Rolnik and Tegmark proved the usefulness of depth by forcing neural networks to perform a simple task: multiply polynomial functions. (These are equations with variables raised to natural degrees, for example, y = x

^{3}+ 1). They trained the networks, showing them examples of equations and the results of their multiplication. Then they told the neural networks to calculate the result of the multiplication of equations that they had not seen before. Deeper neural networks learned how to do this with much less neurons than small ones.

And while multiplication is unlikely to turn our world upside down, Rolnik says that an important idea was described in the work: “If a shallow neural network cannot even multiply, you should not trust it with something else.”

*David Rolnik*

Other researchers are investigating the issue of minimum sufficient width. At the end of September, Jesse Johnson , formerly a mathematician from the University of Oklahoma, and now a researcher working for the pharmaceutical company Sanofi, proved that at some point no depth could compensate for the lack of width.
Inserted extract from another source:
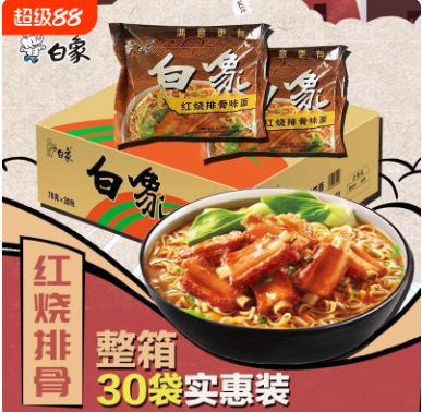 白象红烧排骨味78g袋装单整箱方便面干吃干脆面煮泡面宿舍零食
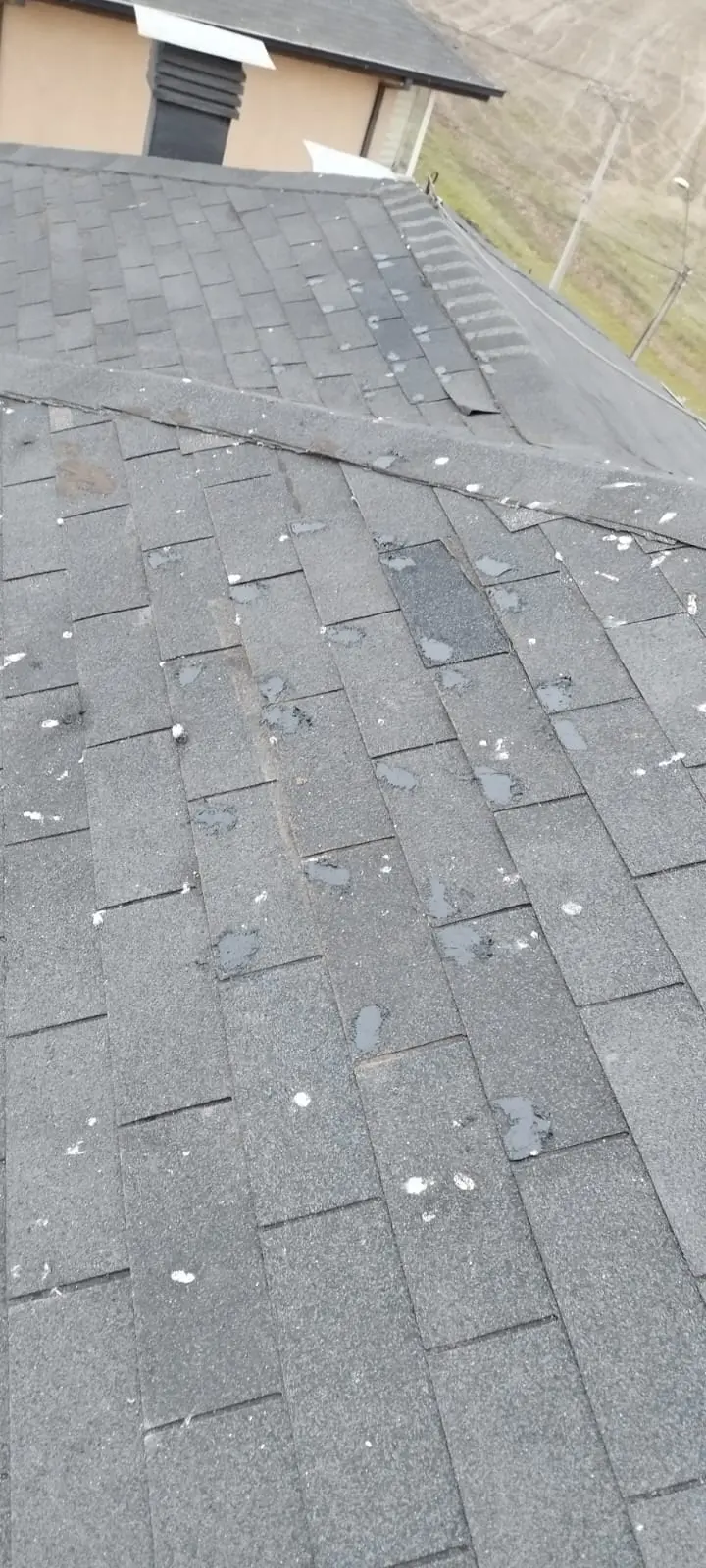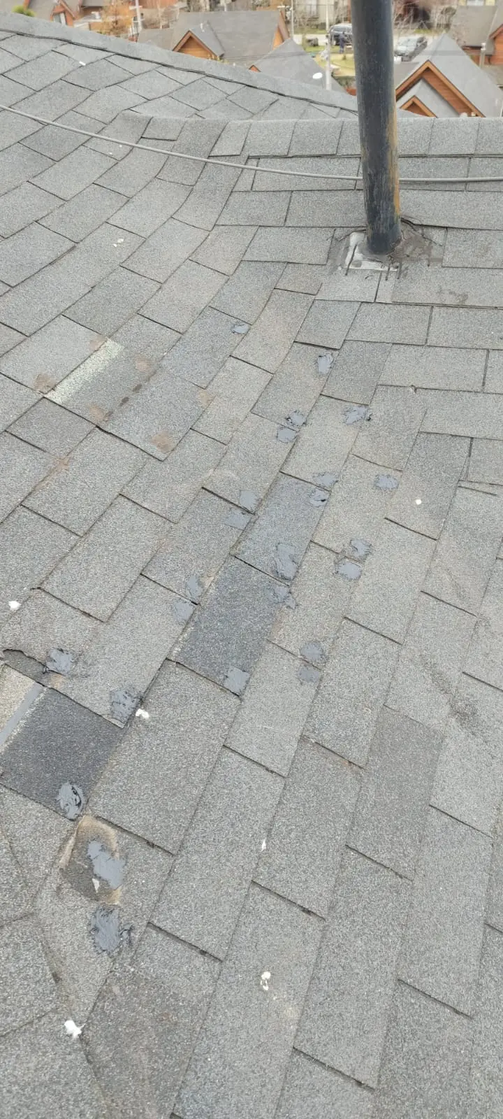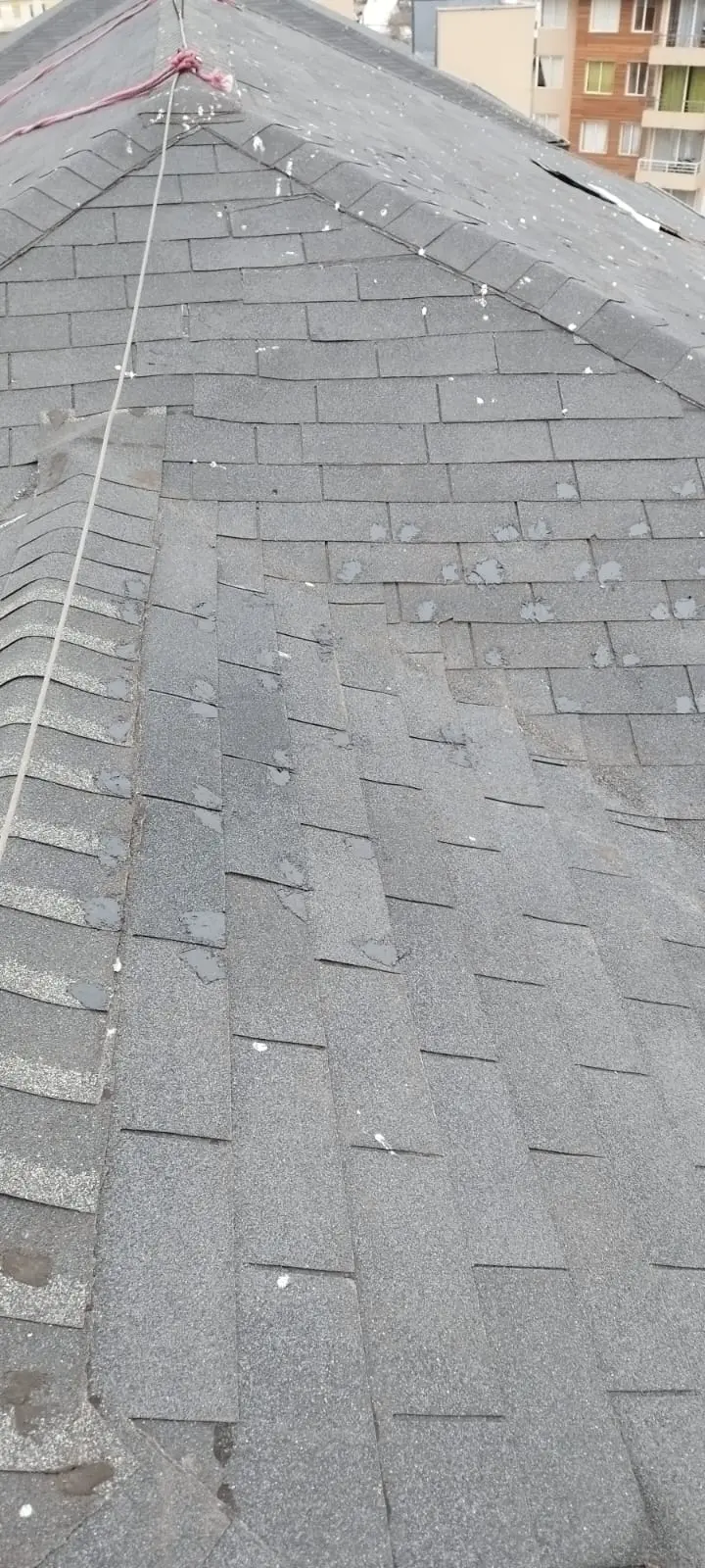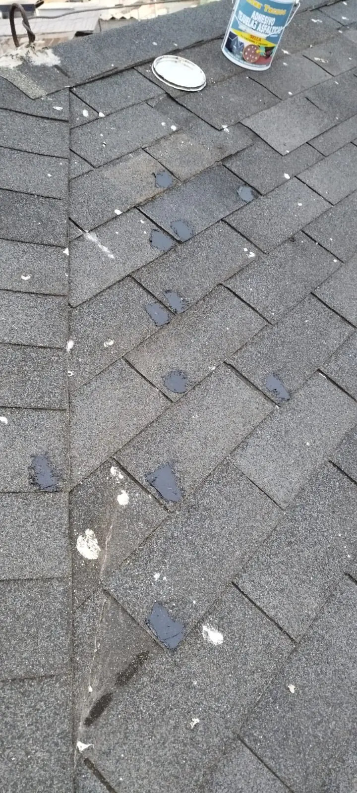 - Reinstalación de tejas desprendidas/completar con tejas nuevas las áreas de los techos, clavando y aplicando sello asfáltico.

To make sense of this, imagine the lambs on the field, but let them be punk rock lambs: each of them will be painted in one of several colors. The neural network should draw a border around all the sheep of the same color. In essence, this task is similar to the classification of images: a neural network has a set of images (which it represents as points in a multidimensional space), and it needs to group similar ones.

Johnson proved that a neural network will not cope with this task if the width of the layers is smaller, or equal to the amount of input data. Each of our sheep can be described by two input data: the coordinates of its location on the field, x and y. Then the neural network marks each sheep with color and draws a border around the sheep of the same color. In this case, to solve the problem you need at least three neurons per layer.

More specifically, Johnson showed that if the ratio of the width to the number of variables is not enough, the neural network will not be able to draw closed loops - and a neural network would have to draw such a loop if, for example, all the red sheep had accumulated in the middle of the pasture. “If none of the layers is thicker than the number of input measurements, the function cannot create some forms, regardless of the number of layers,” Johnson said.

Such work begins to build the nucleus of the theory of neural networks. So far, researchers are able to make only the simplest statements regarding the relationship between architecture and functionality - and these statements are very few in comparison with the number of tasks solved by neural networks.

So, although the theory of neural networks will not be able to change the process of their design in the near future, blueprints are being created for a new theory of how computers are trained - and its consequences will be even stronger than a person going into space.